Thursday, November 12, 2015

It's Not What You Think by Jefferson Bethke

Disclaimer: I was given a free copy of this book for the purpose of review. My integrity is not for sale. Those who know me well are aware a free book isn't enough to assuage my cutting honesty. If I've failed to write a bad review, it has nothing to do with the source of the material and only with the material itself.

I had never heard of Jefferson Bethke when I picked up his new book, It's Not What You Think. I had heard of the title of his first book (Jesus > Religion - which, by the title, sort of seems more interesting to me than this one). He is evidently a youtuber, although I was unaware (which is understandable since this week I also found out my own cousin has 5 million subscribers - I am decidedly NOT a youtuber). It seemed like an interesting title nonetheless - I'm a fan of anyone challenging conventional notions of anything.

It's a great book. It's really good. Bethke does indeed, as the title (and my intro) suggest, challenge some basic assumptions of Christian thought in ways that encourage people to make their faith more a lifestyle than an accessory. This is good. He has clearly done a lot of study and reading to inform his position and writes with the freshness and excitement of youth. The book is lifegiving and graceful. It's good for people to know that love is at the core of all creation, that people and relationships are foundational to life, that the Kingdom of God and the narrative of sacrificial love embodied in Jesus Christ are present realities that both counter and defeat contemporary notions of right and power. Just about anyone would benefit from reading this book.

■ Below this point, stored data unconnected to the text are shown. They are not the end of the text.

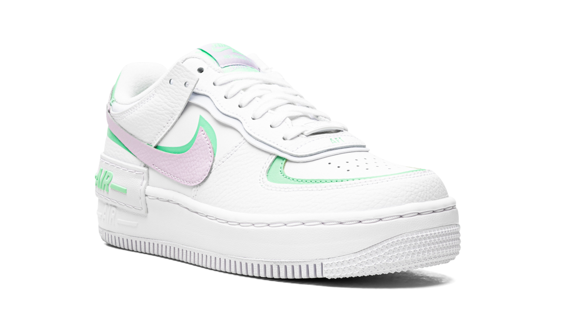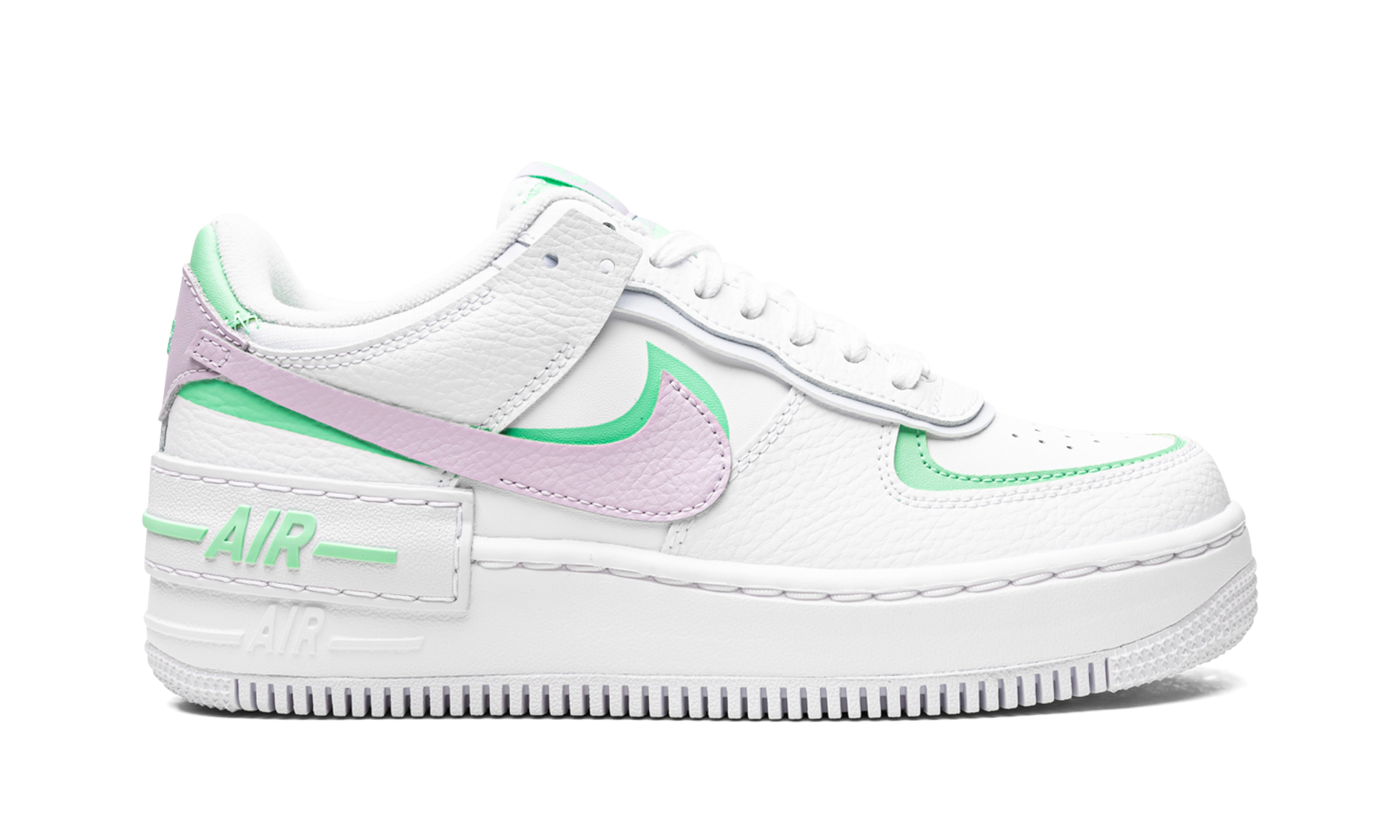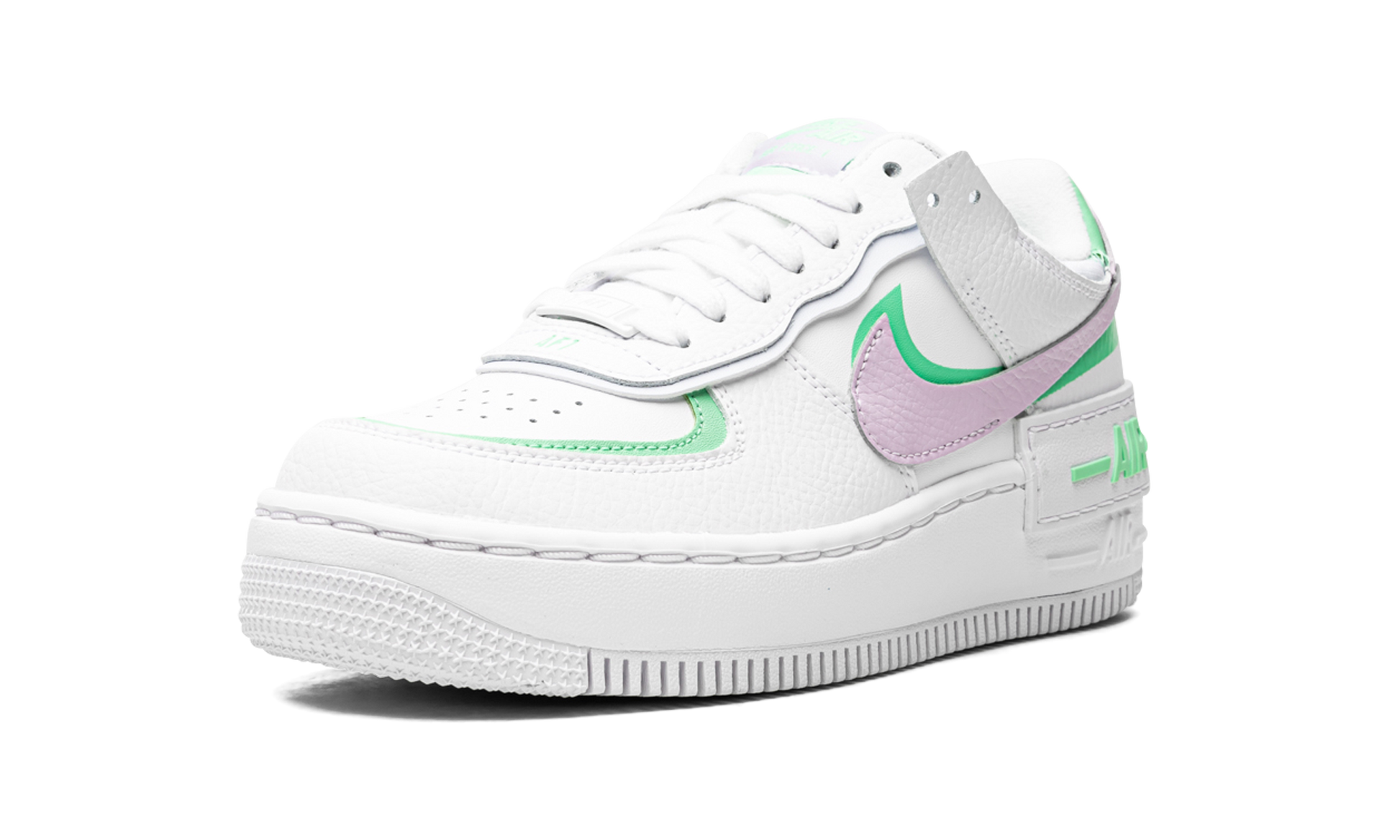 The Women’s Nike Air Force 1 Low Shadow “Infinite Lilac” is a vibrant colorway of the classic sneaker with a contemporary re-design. Looking to the beloved retro basketball shoe for inspiration, the Air Force 1 Low Shadow is a fun interpretation that displays a layered or “double” theme reminiscent of the style popularized by Nike collaborators such as Off-White and sacai. The upper features a white tumbled leather construction with overlapping panels. A Infinite Lilac tumbled leather Swoosh is placed over a green Swoosh on both sides. Additional green accenting borders the perforated toe and appears on the heel tab beneath the lilac leather panel with “Nike” branding. A doubled layered tongue and eyelet panels present a modern, cutting edge look that calls to mind the design of sacai’s numerous Nike collaborations. A white leather overlay with green “Air” detailing is situated above the Air Force 1’s original “Air” detailing on the white rubber midsole. Infinite Lilac
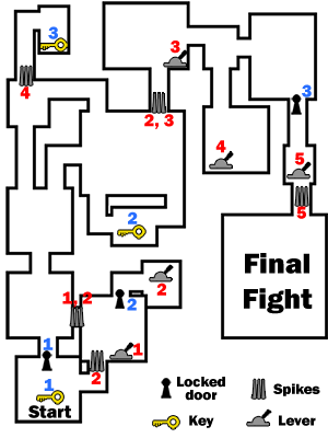 As the game changed, the level design changed to accommodate the new mechanics, such as the doors, keys, spikes and levers.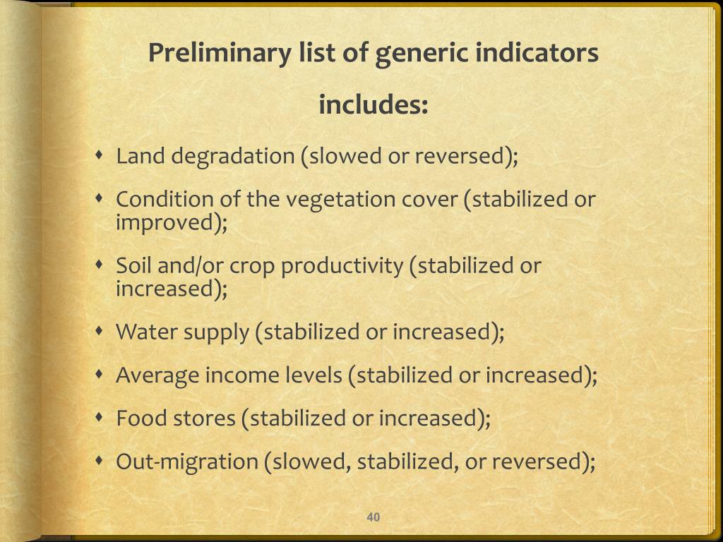 Preliminary list of generic indicators includes: • Land degradation (slowed or reversed); • Condition of the vegetation cover (stabilized or improved); • Soil and/or crop productivity (stabilized or increased); • Water supply (stabilized or increased); • Average income levels (stabilized or increased); • Food stores (stabilized or increased); • Out-migration (slowed, stabilized, or reversed);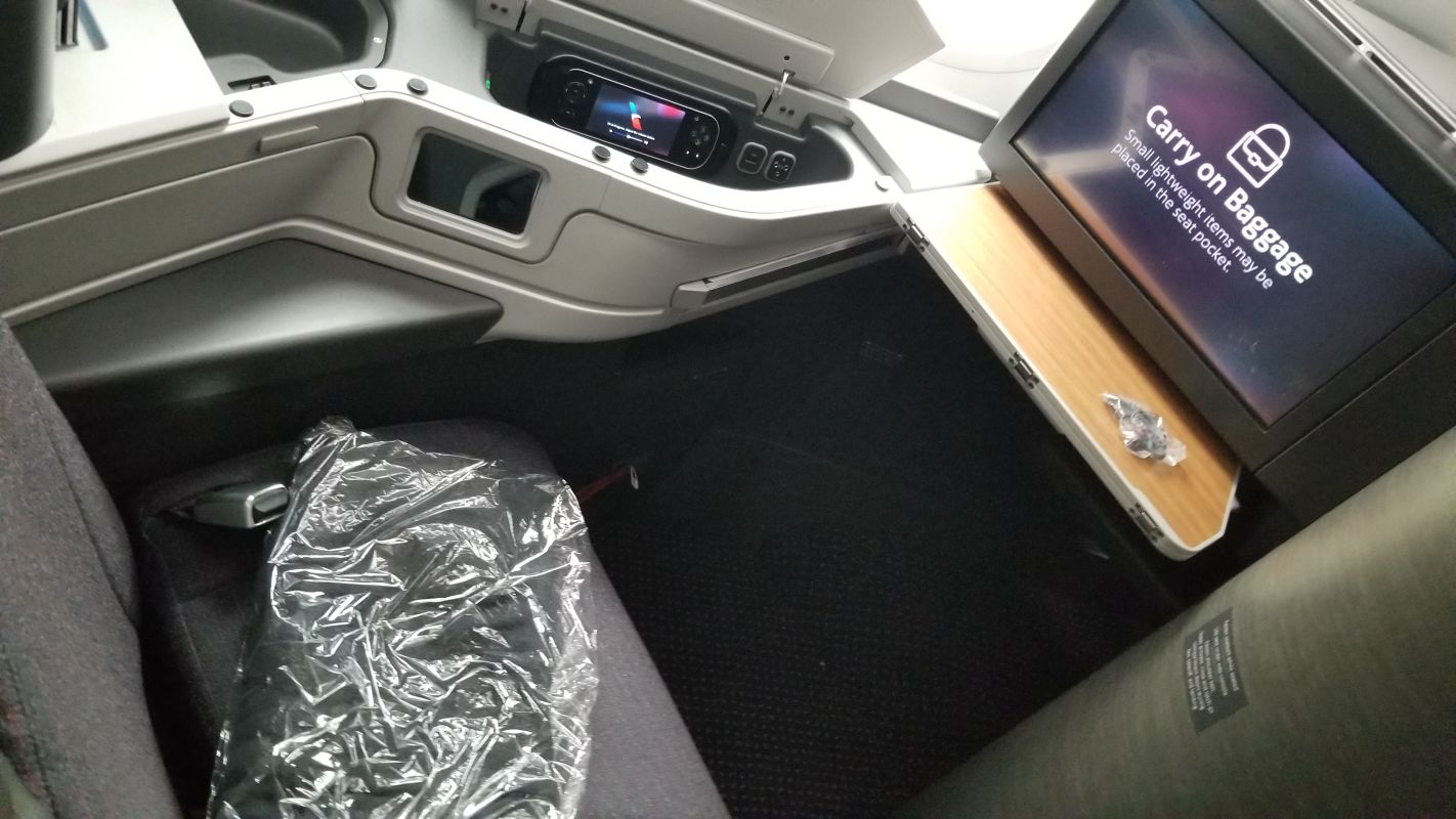 JAL reconfigured 777-200 reverse herringbone product. Felt tighter with weird foot well angle. Weird choice for the table to fold down as well. Comfortable seat though, with side cubby storage with mirror. Plugs easily accessible and great IFE Seat 4A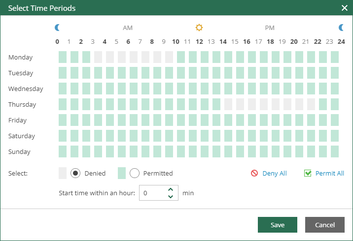 - Select a block that corresponds to the day of the week (vertical axis) and to the time interval (horizontal axis) on which you want to allow or prohibit the execution of a backup policy.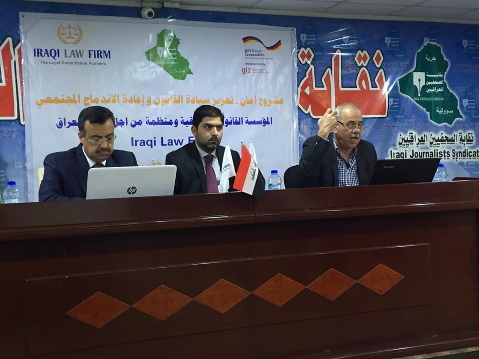 (بغداد – آشور) محمد الخالدي ..أقامت منظمة (من اجل وحدة العراق For Iraq ) ورشة تدريبية للصحفيين بالتعاون مع نقابة الصحفيين العراقيين بعنوان مشروع (امان AMAN) لتطوير سيادة القانون واعادة تاهيل المجتمع بعد النزاعات ، في قاعة نقابة الصحفيين العراقيين ببغداد.

Based on the suggestions for further reading in the back, Bethke and I have read a lot of the same books and thus it's not surprising he's arrived at many of the places I've arrived in faith. You won't see a lot different in this book than you see on this blog. Bethke is a young man, and one clearly interested in learning and development. His thinking will continue to evolve. Because of that, critique seems less than helpful. Instead I'd like to offer a challenge.

Throughout It's Not What You Think, Bethke shows great willingness to question and challenge traditional interpretations to better capture the free and expansive grace of God in the human story. In the same way, I'd challenge him to look past some traditional assumptions that have arisen to support particular interpretations of creation, humanity, and sin - particularly in the first few books of the Bible. For example, he refers to the notion of a six day creation, to the idea Moses wrote the Torah, even the concept that heaven is a return to some Edenic paradise. Now, these are not really central to the arguments made in the book, but one's perspective on them does have far reaching implications that, I think, would dovetail well with the direction his faith and thought seem to be progressing.

Overall, it's a great book. I think it's immensely accessible and could in now way harm someone's faith (which sounds like a backhanded compliment, but being non-threatening while talking about God, especially while challenging traditional beliefs, is pretty impressive). It's not something advanced faith thinkers will really find groundbreaking, but that's not the target audience. I look forward to seeing what contributions Jefferson Bethke will make in the future. I pray he avoids the trapping of evangelical celebrity and continues to focus on relationship and theology - there's a real gift there to share with the world.

*Although, because I just have to be a little nit-picky, I'd challenge the editing team to spend a little more time on the theological review - after a stellar, concise explanation of baptism, the comment is made that "of course Jesus didn't have to be baptized." That's certainly a legitimate position to take, but not in light of the description of baptism preceding it. Also, there's one reference to Israel "worshiping Baal because Moses took to long on the mountain." Israel made a golden calf, yes, but as representative of Yahweh. There's some pretty important theological distinctions (not to mention worship lessons) there.

Disclosure of Material Connection: I received this book free from the publisher through the® book review bloggers program. I was not required to write a positive review. The opinions I have expressed are my own. I am disclosing this in accordance with the Federal Trade Commission’s 16 CFR, Part 255: “Guides Concerning the Use of Endorsements and Testimonials in Advertising.”